Depending on your input data, the differences between zlib/bz2 and pylzma may be even bigger!

Features

  • Compression / decompression of a single block of data
  • Compression from a file-like object (must provide a read method)
  • Streaming decompression through multiple calls to decompress
  • An initial library that supports reading of 7-zip archives (both solid and non-solid)
  • Compiles and runs on Windows, Linux and OSX
  • Multithreaded compression on Windows
  • Built with LZMA SDK 4.65

Download

You can download the binaries and the source code for the wrappers from the Python Package Index.

For building, simply run:

python setup.py build

Afterwards, you will find a file pylzma.pyd in the directory build/lib.win32-<PythonVersion> that can get imported by Python. On linux, the file will be called pylzma.so and can be found in a directory called build/lib.linux-<arch>-<PythonVersion>.

Compilation has been tested with Microsoft Visual Studio 2003, GCC 3 (Linux, Cygwin), GCC 4 (Linux) but should work with any ANSI C compiler. Please let me know if you encounter any problems.

Installation using Python eggs

If you installed the EasyInstall package, you can install the latest version of pylzma using the following command:

easy_install pylzma

Refer to the EasyInstall documentation for further details about installing Python eggs. EasyInstall queries the Python Package Index and automatically fetches the latest release.

Git repository

To get access to my development repository, head your browser to the following URL: http:/github.com/fancycode/pylzma

Third-party ports

You can find a port to FreeBSD on freshports.org.

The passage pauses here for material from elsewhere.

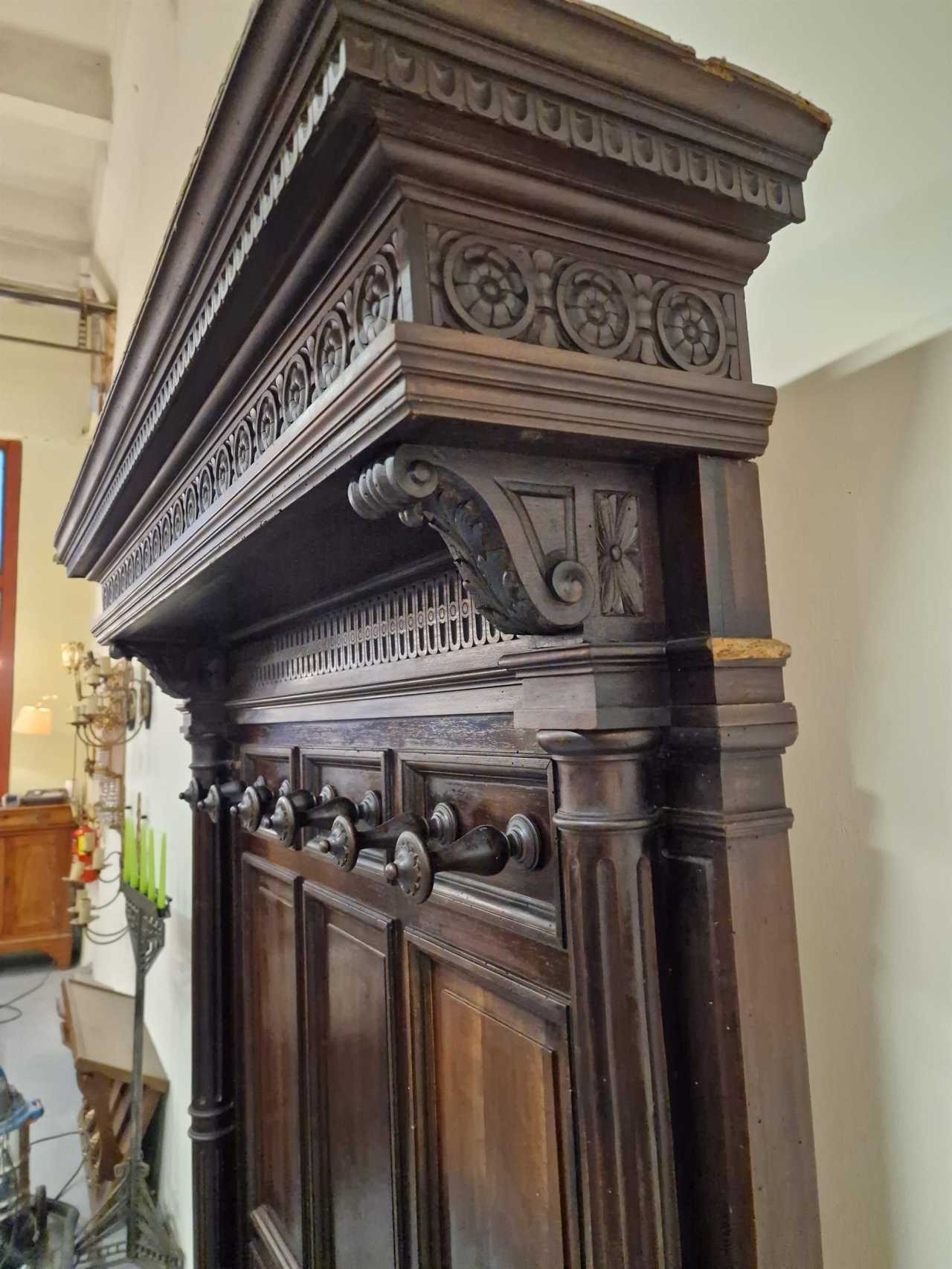 Élégant porte-manteau d& 39;entrée. Noyer. Italie. Seconde moitié du XIXe siècle. Dimensions : hauteur 209 cm ; largeur 143 cm ; profondeur 33 cm

A MacOS X port is maintained at darwinports.com.

Bugs

Please bring all issues to my Bugzilla bugtracker.

If you like this software, please give me some feedback!

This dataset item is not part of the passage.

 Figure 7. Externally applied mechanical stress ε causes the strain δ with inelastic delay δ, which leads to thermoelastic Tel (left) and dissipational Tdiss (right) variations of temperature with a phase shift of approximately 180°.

Wednesday, April 7th, 2010 63 Comments

63 Comments to PyLZMA

  • Jonathan Harper says:

    Will there be a port of PyLZMA to Python 3 sometime soon?

  • Bussiere says:

    i’ve got an error under windows :
    C:\Temp\fancycode-pylzma-v0.4.2-0-gda25a6e\fancycode-pylzma-f6adfd5>python2 setu
    p.py install >> result.txt
    Traceback (most recent call last):
    File “setup.py”, line 147, in
    zip_safe = False,
    File “C:\DEV\Python2\lib\distutils\core.py”, line 152, in setup
    dist.run_commands()
    File “C:\DEV\Python2\lib\distutils\dist.py”, line 953, in run_commands
    self.run_command(cmd)
    File “C:\DEV\Python2\lib\distutils\dist.py”, line 972, in run_command
    cmd_obj.run()
    File “C:\DEV\Python2\lib\site-packages\setuptools-0.6c11-py2.7.egg\setuptools\
    command\install.py”, line 76, in run
    File “C:\DEV\Python2\lib\site-packages\setuptools-0.6c11-py2.7.egg\setuptools\
    command\install.py”, line 85, in do_egg_install
    File “C:\DEV\Python2\lib\site-packages\setuptools-0.6c11-py2.7.egg\setuptools\
    dist.py”, line 395, in get_command_class
    File “C:\DEV\Python2\lib\site-packages\setuptools-0.6c11-py2.7.egg\pkg_resourc
    es.py”, line 1954, in load
    File “C:\DEV\Python2\lib\site-packages\setuptools-0.6c11-py2.7.egg\setuptools\
    command\easy_install.py”, line 21, in
    File “C:\DEV\Python2\lib\site-packages\setuptools-0.6c11-py2.7.egg\setuptools\
    package_index.py”, line 2, in
    File “C:\DEV\Python2\lib\urllib2.py”, line 94, in
    import httplib
    File “C:\DEV\Python2\lib\httplib.py”, line 70, in
    import socket
    File “C:\DEV\Python2\lib\socket.py”, line 47, in
    import _socket
    ImportError: DLL load failed: %1 nÆest pas une application Win32 valide.

  • Steve Kieu says:

    Hello,

    I tried to compile on centos 5.5 – the 64 bit version goes okay but the i386 machne got error:

    In file included from src/7zip/C/CpuArch.c:4:
    src/7zip/C/CpuArch.h:136: warning: function declaration isn’t a prototype
    src/7zip/C/CpuArch.h:137: warning: function declaration isn’t a prototype
    src/7zip/C/CpuArch.c:127: warning: function declaration isn’t a prototype
    src/7zip/C/CpuArch.c:160: warning: function declaration isn’t a prototype
    src/7zip/C/CpuArch.c: In function ‘MyCPUID’:
    src/7zip/C/CpuArch.c:75: error: can’t find a register in class ‘BREG’ while reloading ‘asm’
    error: command ‘gcc’ failed with exit status 1

    Please help.

    Many thanks for your supports

  • This is great, just what I am looking for.
    But I cannot build it, as it appears I need a C-compiler.
    Is there anyway I can circumvent this?

  • chen says:

    Hi,

    I want to find LZMA compression algorithm specification which is

    unabridged and detailed.Where can I find this?
    The information is not unabridged on http://7-zip.org/7z.html.

    Contect me
    EMAIL: sdfuch@yahoo.com.cn

    Thanks

    • Please contact the original authors of 7-Zip for any questions about the LZMA format. My library is just a wrapper and I don’t know nothing about the algorithm itself.

  • Jasonye says:

    Does it provide the readline interface, just like that in bz2 ?

  • Xavier says:

    Hey (:
    I’ve been trying to compile pylzma for windows 7 /python 2.6.6 amd64 , but I’m definitely out of luck …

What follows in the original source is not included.